= TASK DIRECTIONS =
Please give back the listing exactly, without any of its pictures.

= SUPPLIED DATA =
■ ■ ■
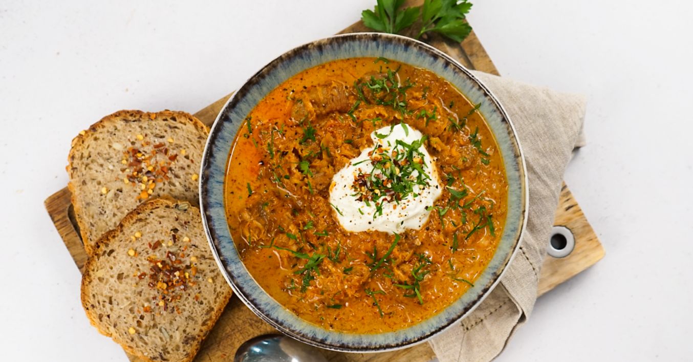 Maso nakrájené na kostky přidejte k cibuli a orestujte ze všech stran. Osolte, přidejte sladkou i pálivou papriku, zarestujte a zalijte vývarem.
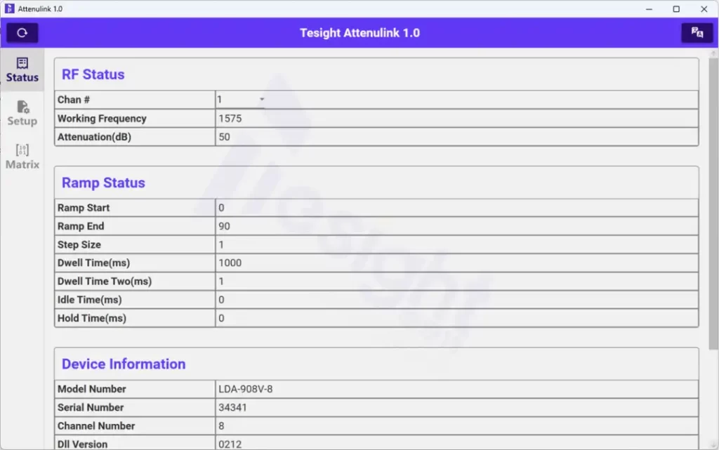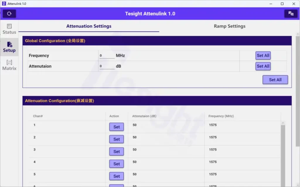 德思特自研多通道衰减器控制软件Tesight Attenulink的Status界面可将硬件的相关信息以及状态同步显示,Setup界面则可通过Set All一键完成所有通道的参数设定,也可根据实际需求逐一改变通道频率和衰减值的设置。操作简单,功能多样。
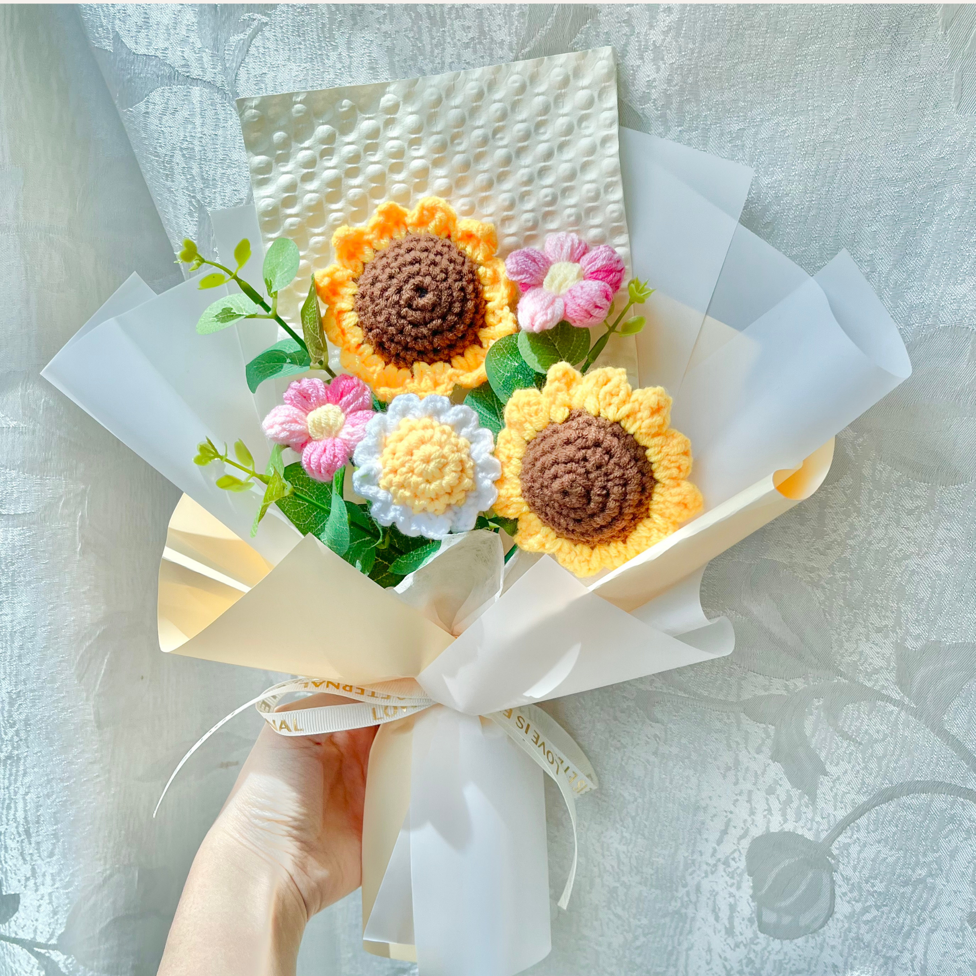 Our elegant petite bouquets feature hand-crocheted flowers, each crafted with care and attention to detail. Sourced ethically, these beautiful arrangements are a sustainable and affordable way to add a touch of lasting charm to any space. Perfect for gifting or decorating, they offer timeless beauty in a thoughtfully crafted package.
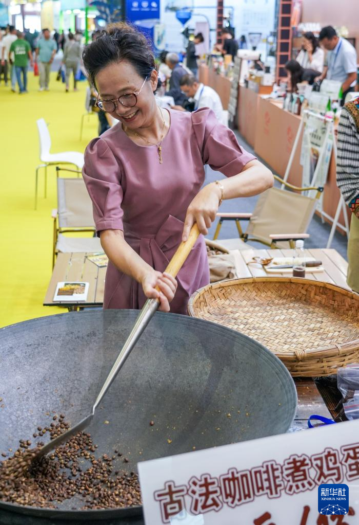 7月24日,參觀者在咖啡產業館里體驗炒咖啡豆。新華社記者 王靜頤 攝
■ ■ ■
= SOLVED PROBLEM =
 Maso nakrájené na kostky přidejte k cibuli a orestujte ze všech stran. Osolte, přidejte sladkou i pálivou papriku, zarestujte a zalijte vývarem.
 德思特自研多通道衰减器控制软件Tesight Attenulink的Status界面可将硬件的相关信息以及状态同步显示,Setup界面则可通过Set All一键完成所有通道的参数设定,也可根据实际需求逐一改变通道频率和衰减值的设置。操作简单,功能多样。
 Our elegant petite bouquets feature hand-crocheted flowers, each crafted with care and attention to detail. Sourced ethically, these beautiful arrangements are a sustainable and affordable way to add a touch of lasting charm to any space. Perfect for gifting or decorating, they offer timeless beauty in a thoughtfully crafted package.
 7月24日,參觀者在咖啡產業館里體驗炒咖啡豆。新華社記者 王靜頤 攝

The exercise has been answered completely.